That first pic is nice, but is ruined by those parking sensors.. i think those are so lame on a high performance car..


----------



## 1985mb (Apr 2, 2008)

hts said:


> niiiiiiiccccce. i particularly like the turbo side sticker.
> 
> so which used 911 cab (yes, cab, i'm not hard-core) would you porschephiles recommend to some guy looking to spend no more than $50k and why?


Go for a 997 platform (2006+) 911. Your options will be the base Carrera ("C2" - 2 standing for the no. of wheels driven, i.e. 2WD i.e. RWD), followed by the C2S (S version being slightly quicker) and the AWD equivalent C4, C4S.

In your price range you might be able to squeeze in a C2S or a C4 cab depending on your preference


----------



## getz (Sep 21, 2007)

For a pure weekend drivers car the C2 is a better pick than the C4. Also, the 3.6 L motor seems to rev more freely than the 3.8L, and provide very respectable performance as well. If you can find one without nav, and silly add ons, you can get a fairly pure example of a great driving 997. There are great deals abound on the non S variants of the current 997, and even on the 997.2s which with the new DI provide performance on par with the previous S versions.
-Getz


----------



## MikeCoupe (Oct 11, 2007)

I'm in the same realm as hts. Looking at my first P-car in the next couple of months. $50K-$60K. 
Thanks for all the info Getz. It's been very helpful.


----------



## MikeCoupe (Oct 11, 2007)

And of course Mike (Emission), your insight is always very valuable.


----------



## vexed (Dec 22, 2001)

hts said:


> thx. any particular reason why? any particular year(s) i should look for and/or avoid in my research?


This would fit your specs
http://www.rockville-porsche.com/us...sche-911/f2a2d1c94046381e000c7f06e60e0220.htm

Avoid the first year which was 2005

The one I posted is not CPO which is worth having.
Getz is right a 997.1 C2 cab would be more than enough car.


----------



## Jever (Apr 16, 2003)

seriously, Mike. I love cars. I love to write. I love to take pix. GIMME YOUR FUGGING JOB!!!!!!!!!!!!!!!!!!!!!!!!!


----------



## getz (Sep 21, 2007)

hts said:


> thx. any particular reason why? any particular year(s) i should look for and/or avoid in my research?

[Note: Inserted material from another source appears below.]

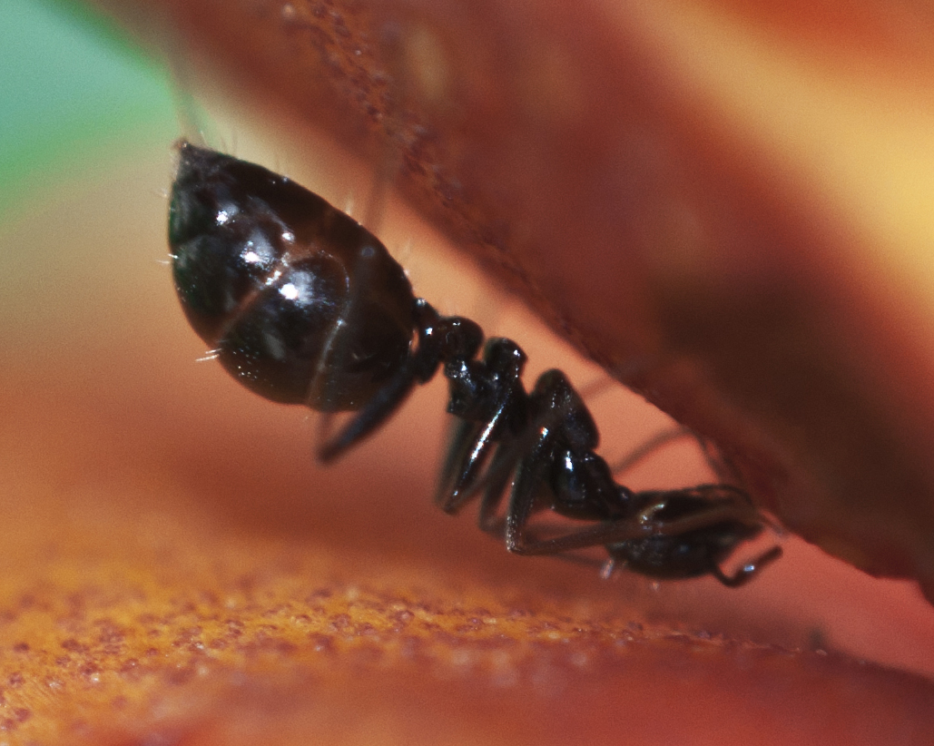 Stamattina con un amico uscendo per una caccia fotografica macro ci siamo imbattuti in queste formiche nere snelle e veloci su Campsis radicans. Questa suggeva dalla pianta e l`addome via via si gonfiava.
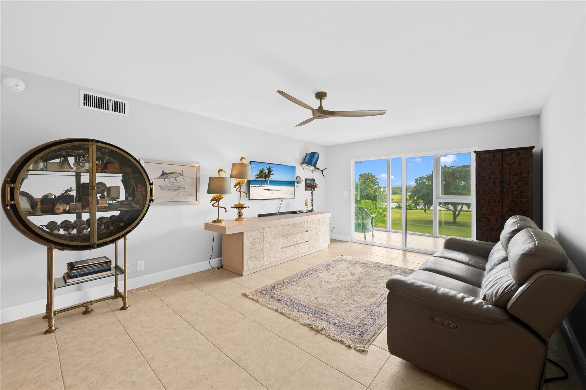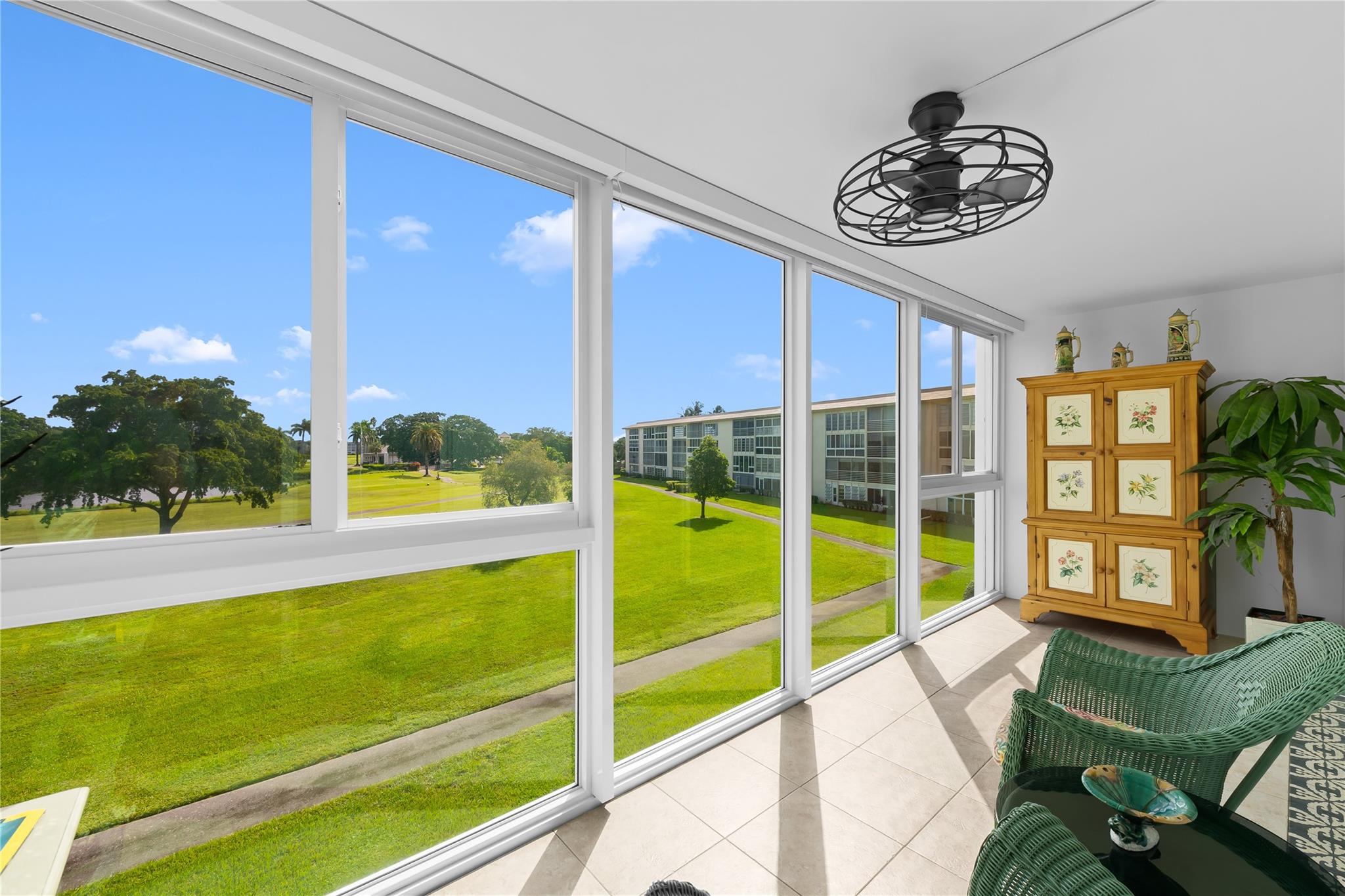 PRICED TO SELL! Just bring your toothbrush! Only thing missing is you. This is a fabulous completely updated unit. Hurricane impact windows and doors. Balcony has impact windows from ceiling to floor to give you unobstructed view of the golf course & lake. Tile floors throughout. Both bathrooms beautifully renovated. Master bedroom has views of the golf course and California closet. KItchen w/stainless steel appliances and granite countertop. Modern lighting & ceiling fans add to the ambience. All your big ticket items have been done for you. Community laundry & extra storage, assigned parking. List of amenties goes on & on. Clubhouse, movie theater, pools, fitness center, tennis, pickleball, billiards, golf course & more. Manned security guard at entrance.

Here is a steal on a well equipped car.

http://www.6speedonline.com/forums/automobiles-sale/189209-fs-2005-porsche-c2-s.html


----------



## MikeCoupe (Oct 11, 2007)

I appreciate everybody's info on the P-Cars. I know there is a few of us that really find it useful. This leads me to a question. Is there a Porsche forum that anybody could recommend? I've searched the internet, but NOTHING compared to the 'Fest. 

Thanks guys.


----------



## 1985mb (Apr 2, 2008)

Rennlist?


----------



## getz (Sep 21, 2007)

A part of me still really wants a 993 Turbo. I can rationalize it by the fact that the car is unlikely to depreciate much further given the cult following. The counter argument is that I would be scared to drive the **** out of it.... racking up miles, etc. I want one of these cars so I can really drive it.
-Getz


----------



## vexed (Dec 22, 2001)

MikeCoupe said:


> I appreciate everybody's info on the P-Cars. I know there is a few of us that really find it useful. This leads me to a question. Is there a Porsche forum that anybody could recommend? I've searched the internet, but NOTHING compared to the 'Fest.
> 
> Thanks guys.


rennlist and 6speedonline. Rennlist is bit more serious


----------



## MikeCoupe (Oct 11, 2007)

vexed said:


> rennlist and 6speedonline. Rennlist is bit more serious


Thanks Vexed.


----------